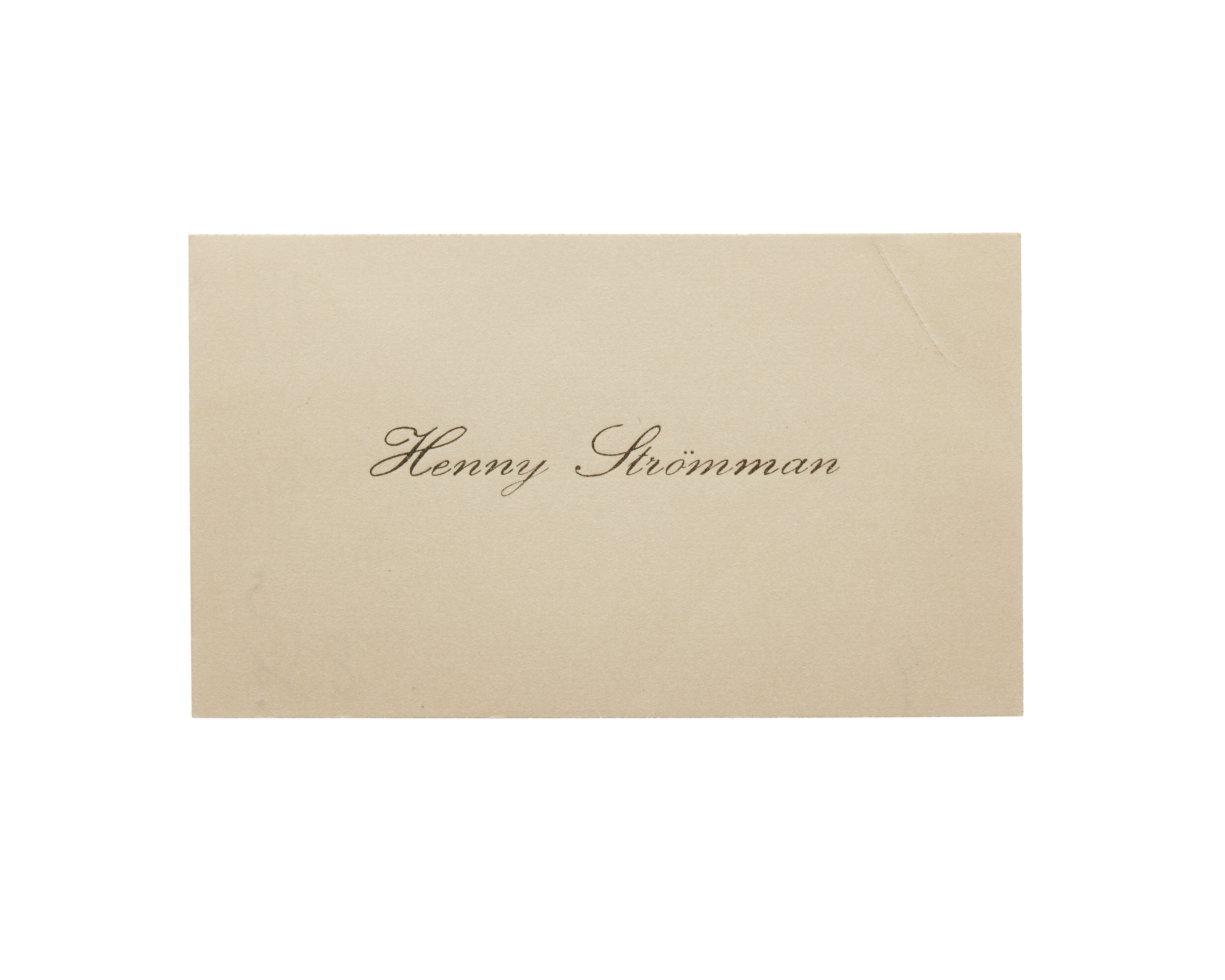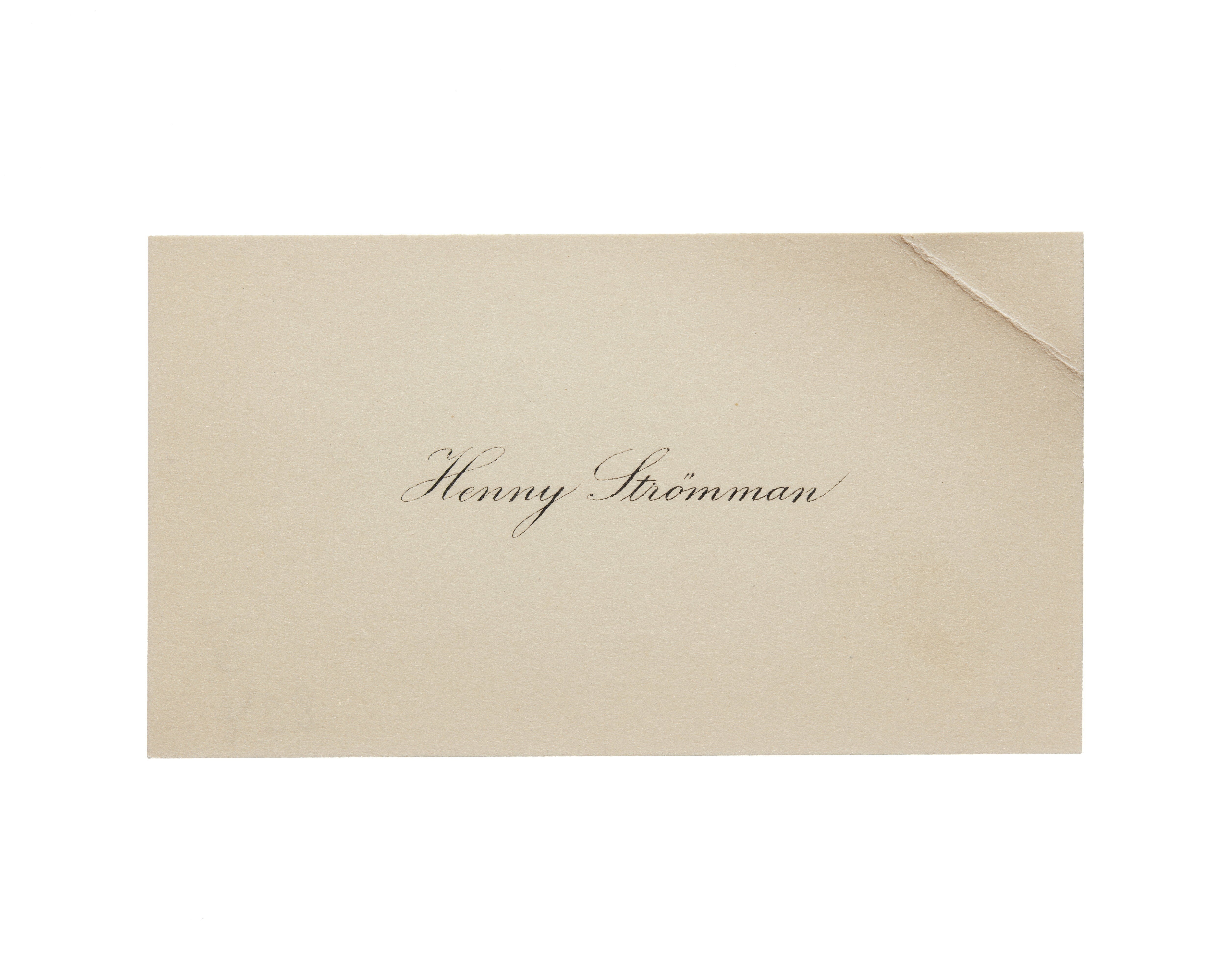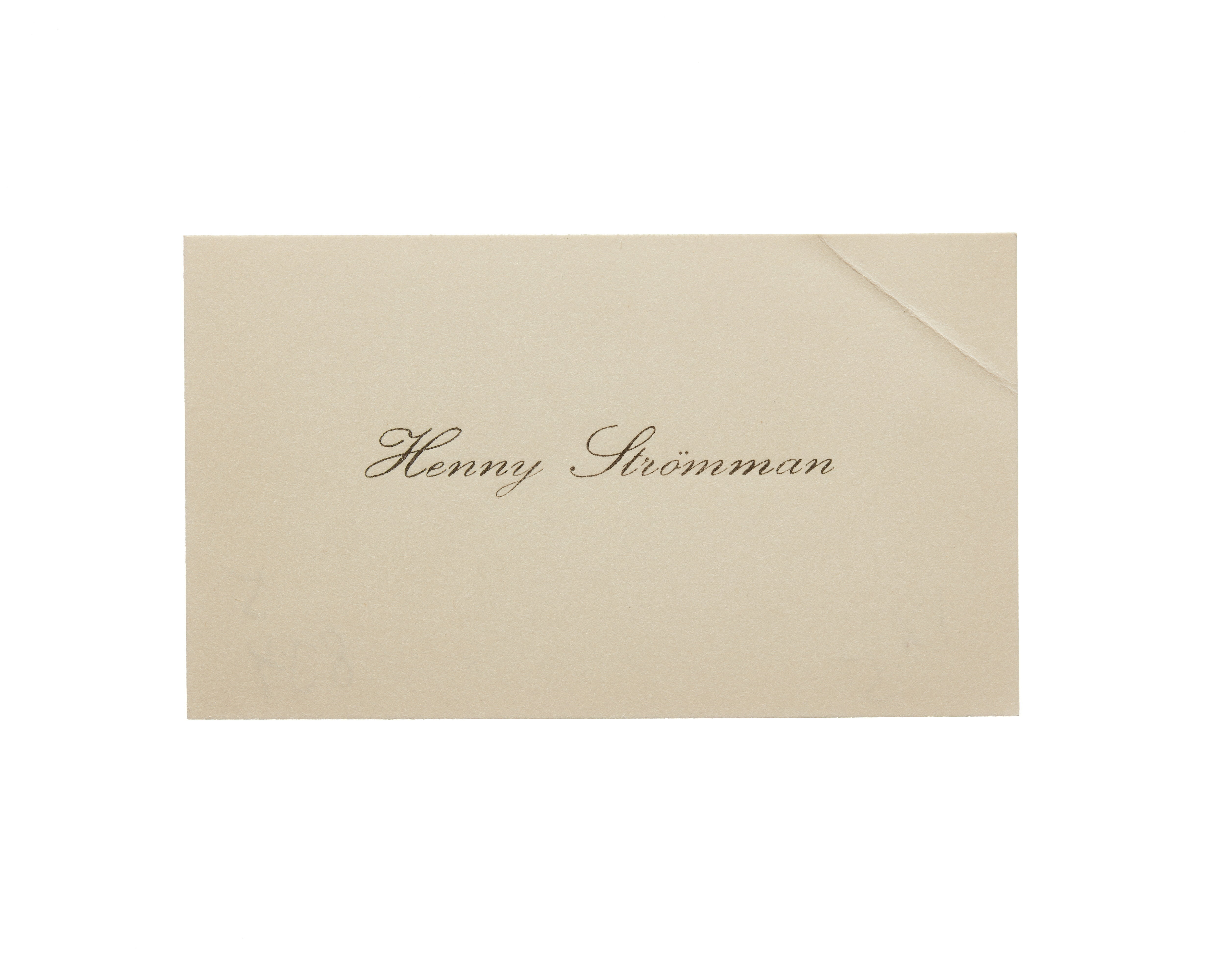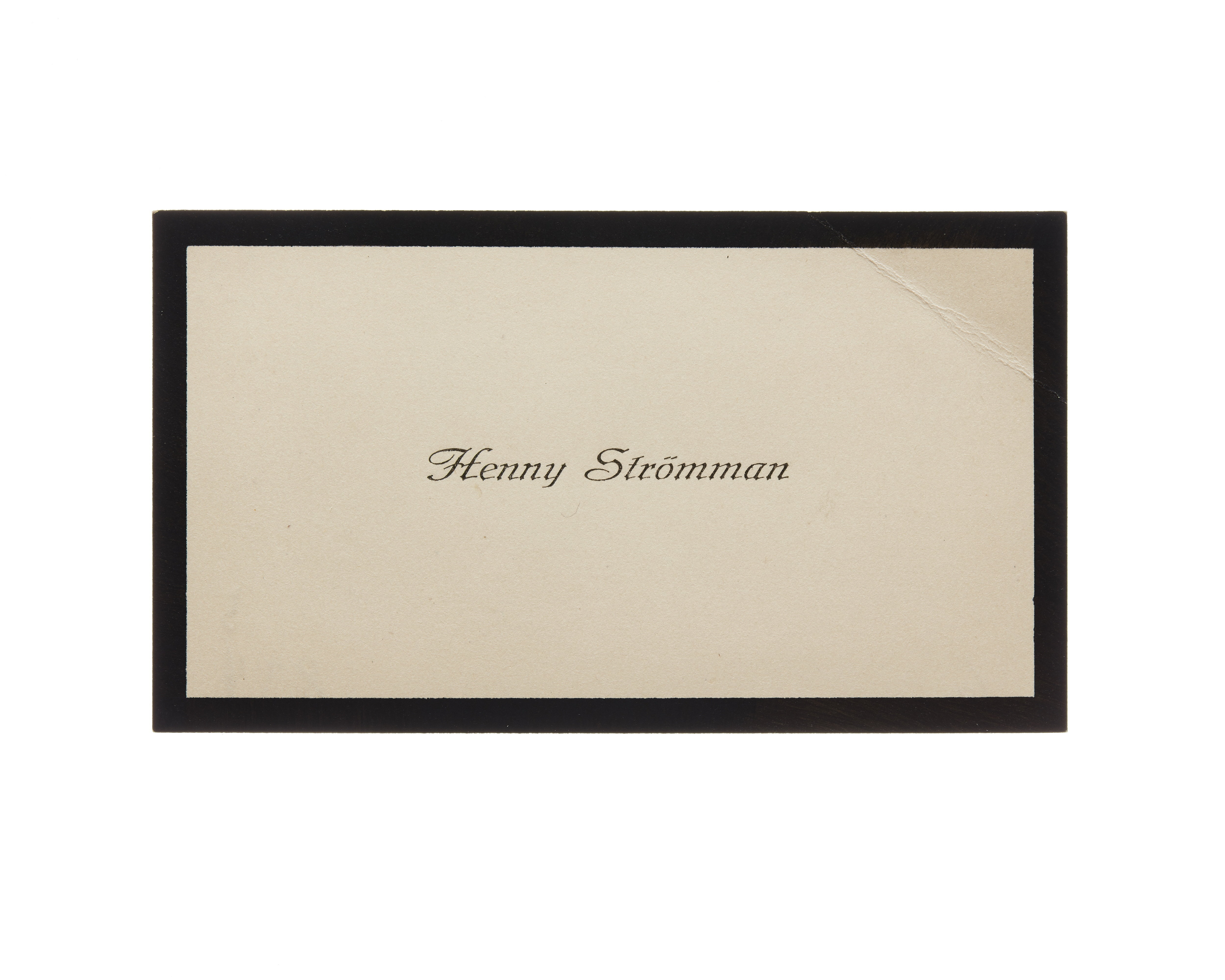 Sju visitkort från Henny Strömman. Första kortet är utan datum, vikt i övre högra hörnet. Andra kortet daterat 1917, vikt i övre högra hörnet. Tredje kortet daterat 1918, vikt i övre högra hörnet. Fjärde kortet daterat 1919, vikt i övre högra hörnet. Femte kortet daterat 1921, vikt i övre högra hörnet. Sjätte kortet daterat 1922 samt sorgkant, vikt i övre högra hörnet. Sjunde kortet daterat 1925, vikt i övre högra hörnet.
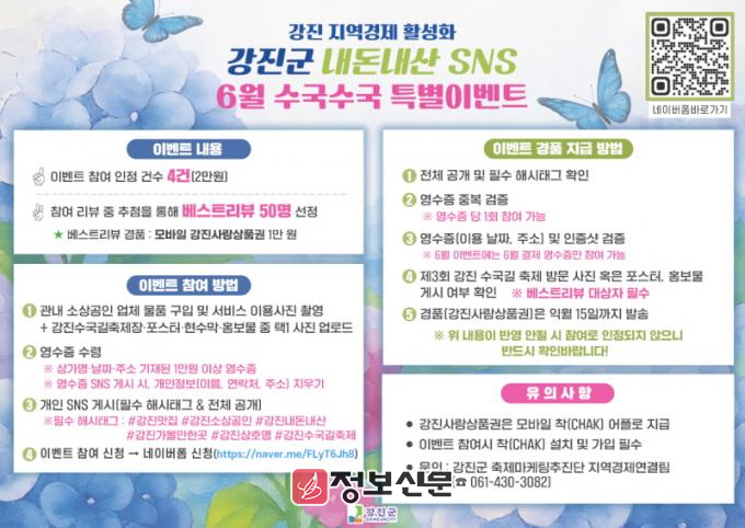 ![]() 강진군, 6월 ‘내돈내산 SNS’ 특별이벤트 진행 |
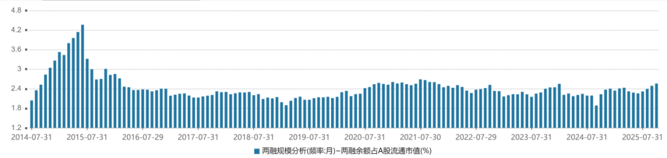 从两融余额来看,自8月以来,两融余额突破2.2万亿元之后,又接连跨过2.3万亿元、2.4万亿元的台阶。但是从两融余额占A股流通市值来看,仍然处于十年来的低位。
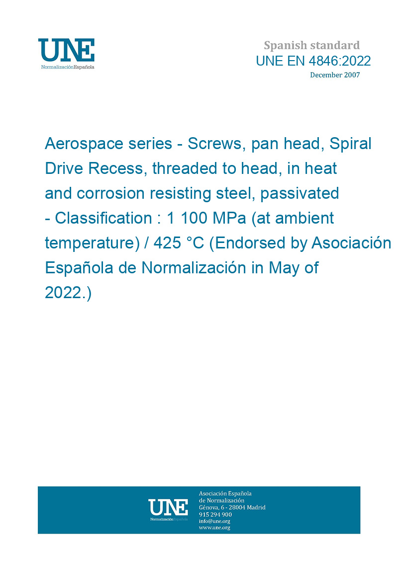 Material aeroespacial. Tornillos de cabeza cilíndrica, impresiones en espiral, roscados hasta la cabeza, en acero resistente al calor y a la corrosión, pasivados. Clasificación: 1 100 MPa (a temperatura ambiente)/425 °C (Ratificada por la Asociación Española de Normalización en mayo de 2022.)
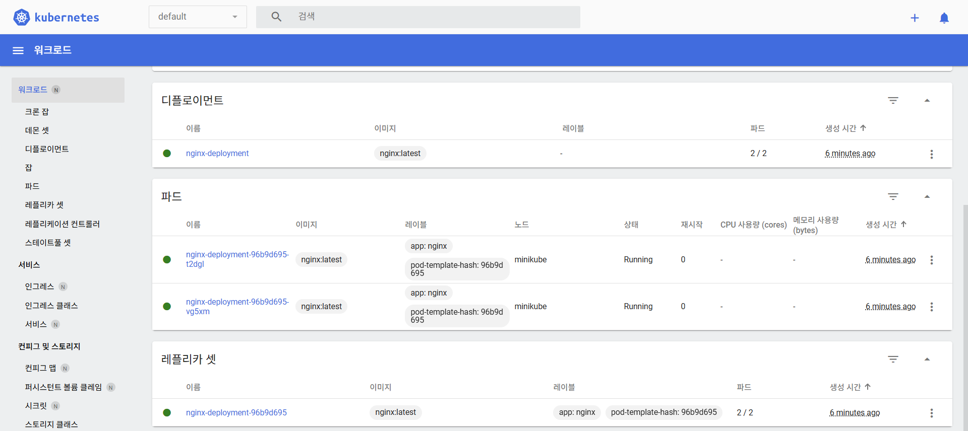 - 그 외 리소스들은 쿠버네티스가 자동으로 만들어서 관리한다.
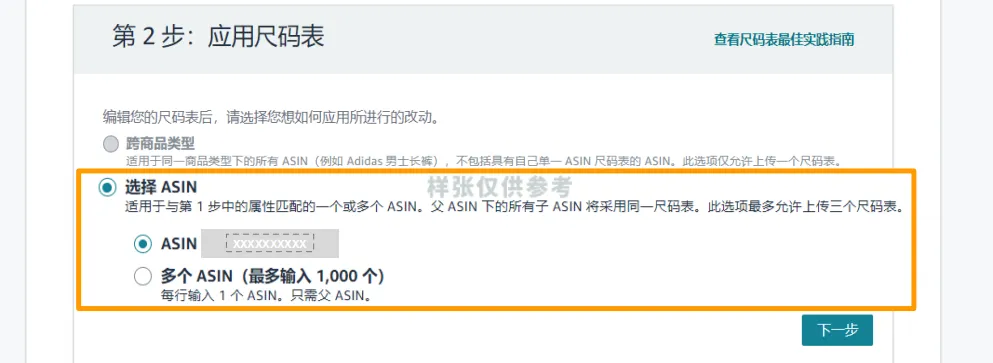 ②“选择ASIN”应用尺码表:对单个或多个ASIN应用尺码表。
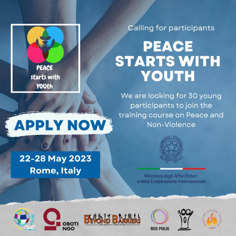We are pleased to announce the call for participants for the training course “Peace starts with YOUth” which will take place in Rome, Italy from May 22 to May 28, 2023. This 7-day program is designed for young people aged 18-25 who are passionate about peace, security, and cooperation issues and are interested in gaining practical skills and knowledge in this field.
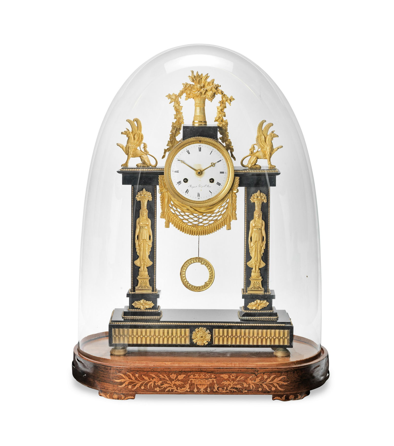 An Empire ormolu-mounted black marble mantel clockThe

****************************************

== EXERCISE DESCRIPTION ==
Take the records above from their first line through the line with "从两融余额来看,自8月以来,两融余额突破" and set those lines down word for word, minus the pictures.

== YOUR RESPONSE ==
 Sju visitkort från Henny Strömman. Första kortet är utan datum, vikt i övre högra hörnet. Andra kortet daterat 1917, vikt i övre högra hörnet. Tredje kortet daterat 1918, vikt i övre högra hörnet. Fjärde kortet daterat 1919, vikt i övre högra hörnet. Femte kortet daterat 1921, vikt i övre högra hörnet. Sjätte kortet daterat 1922 samt sorgkant, vikt i övre högra hörnet. Sjunde kortet daterat 1925, vikt i övre högra hörnet.
 ![]() 강진군, 6월 ‘내돈내산 SNS’ 특별이벤트 진행 |
 从两融余额来看,自8月以来,两融余额突破2.2万亿元之后,又接连跨过2.3万亿元、2.4万亿元的台阶。但是从两融余额占A股流通市值来看,仍然处于十年来的低位。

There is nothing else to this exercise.